= James T. Clemens =

American theoretical physicist

James T. Clemens (born 1943 in Brooklyn, New York) is an American theoretical physicist.

==Education and career==
Dr. Clemens did his undergraduate studies at the Polytechnic Institute of Brooklyn, graduating in 1965 with a B.S. degree, magna cum laude in physics. After finishing his theoretical doctorate in collective modeling of nuclear structures in 1969, also at the Polytechnic Institute, he was employed by AT&T Bell Laboratories in Allentown, Pa. His research and development activities in the Allentown facility, were primarily focused on the research of materials for silicon based integrated circuits and he became responsible for all Silicon Gate MOS Technologies introduced into manufacture in the Allentown manufacturing facility.

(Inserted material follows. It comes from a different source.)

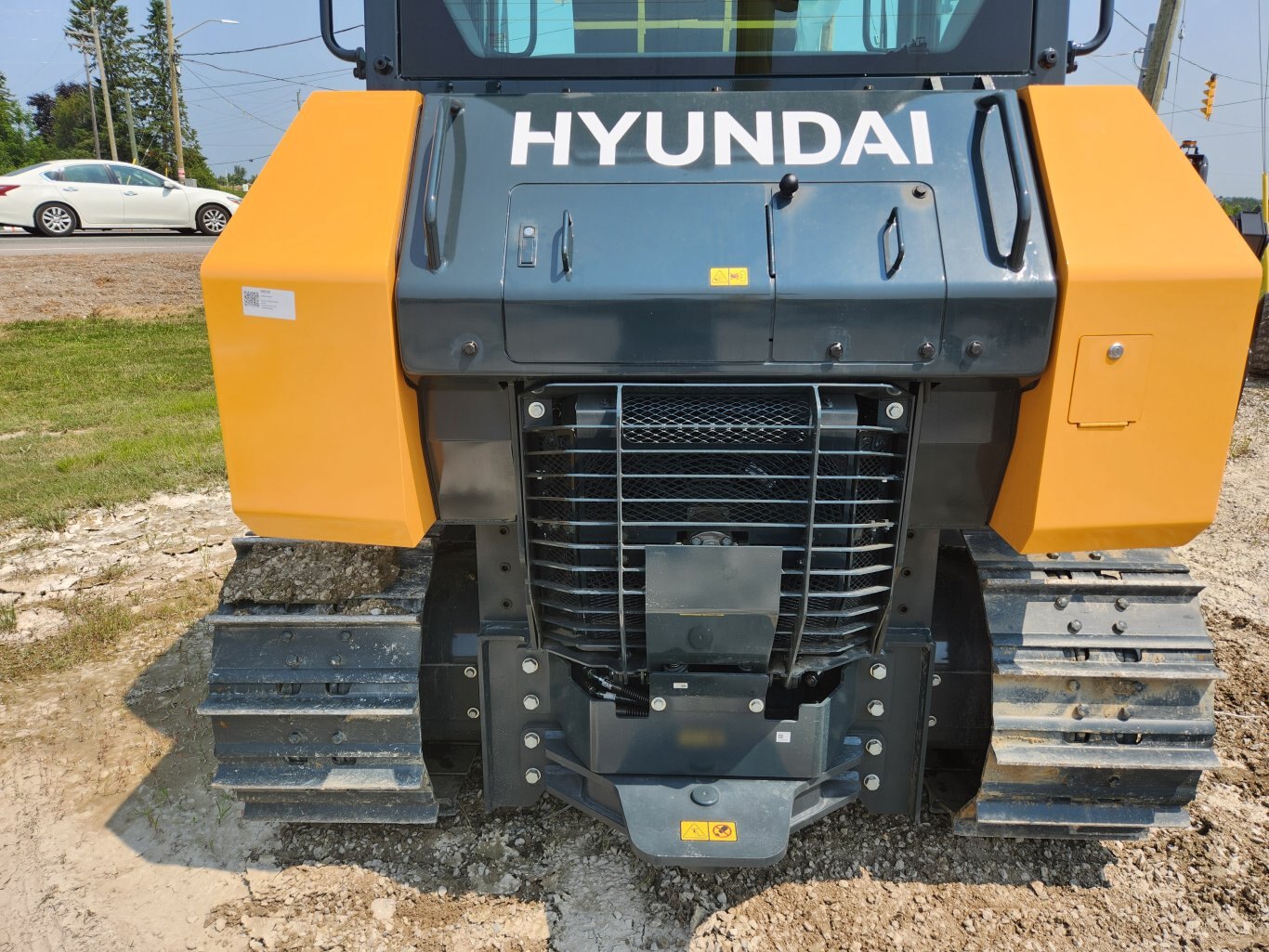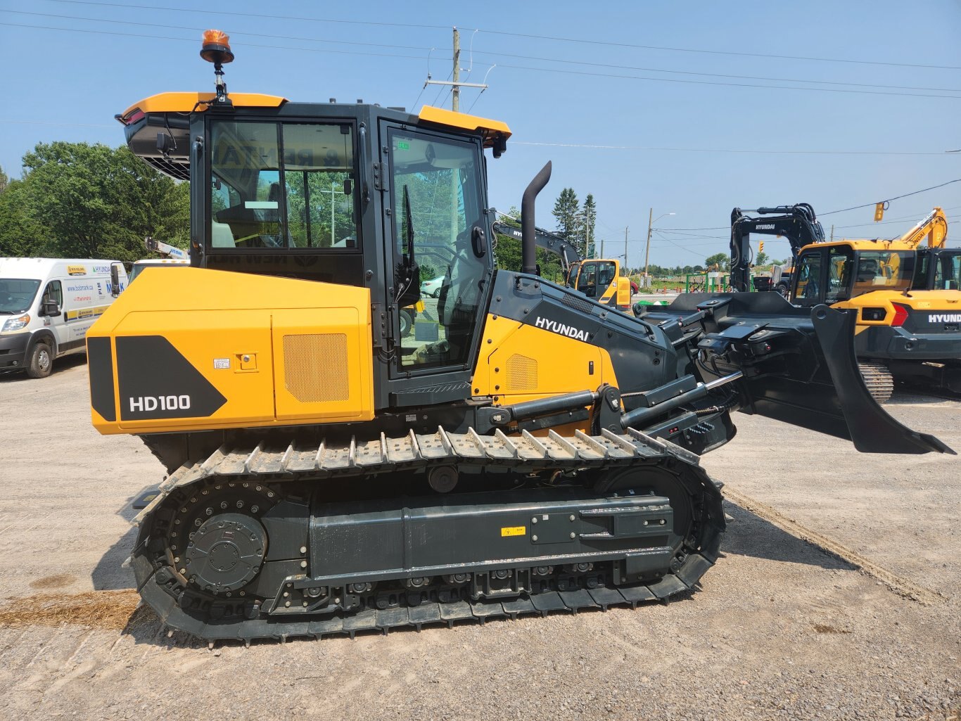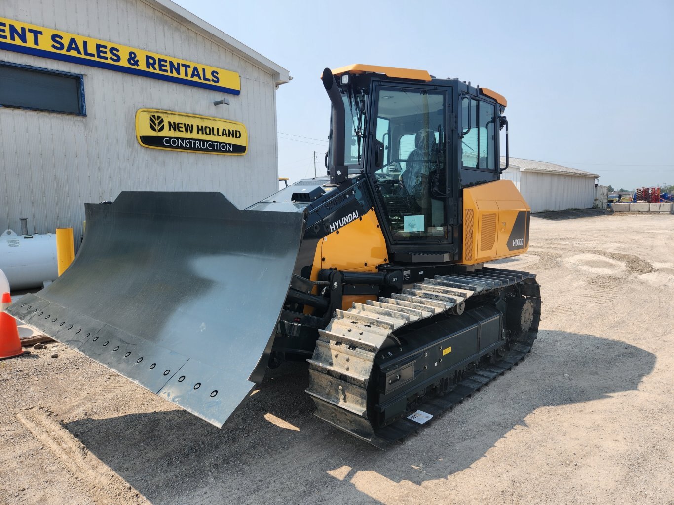 BRAND NEW Hyundai HD100 dozer, 23589 lb. operating weight, Hyundai 4 cylinder engine with 122 gross horsepower, 8" touch display with audio, 2D Smart Blade Control, Beacon light, Hi-Mate Remote Management System, Rear view camera, LED lights, 20" track shoes, Towing drawbar, 8'11" blade width with 2.9 cubic yard capacity, 3 year/3000 Hour Warranty

In 1983 he transferred to the Central Research Laboratory in Murray Hill, New Jersey and headed all major lithographic research and development activities. His group developed the first excimer laser
projection step and repeat printer.

In 1990, he was appointed to be the Technical Program Manager for the joint AT&T Bell Labs and NEC Corp. Joint Research and Development Program in Silicon based VLSI circuits. The program ended in 1999. Clemens and his team received the Bell Laboratories Gold Level Quality Award for the program.

==Awards and honors==
Clemens was elected a fellow of the IEEE in 1987 "for contributions to the field of MOS fundamental device physics and its application to the development of VLSI integrated circuit technology". He was the 1999 recipient of the J J Ebers Award "for fundamental contributions to MOS VLSI electron devices".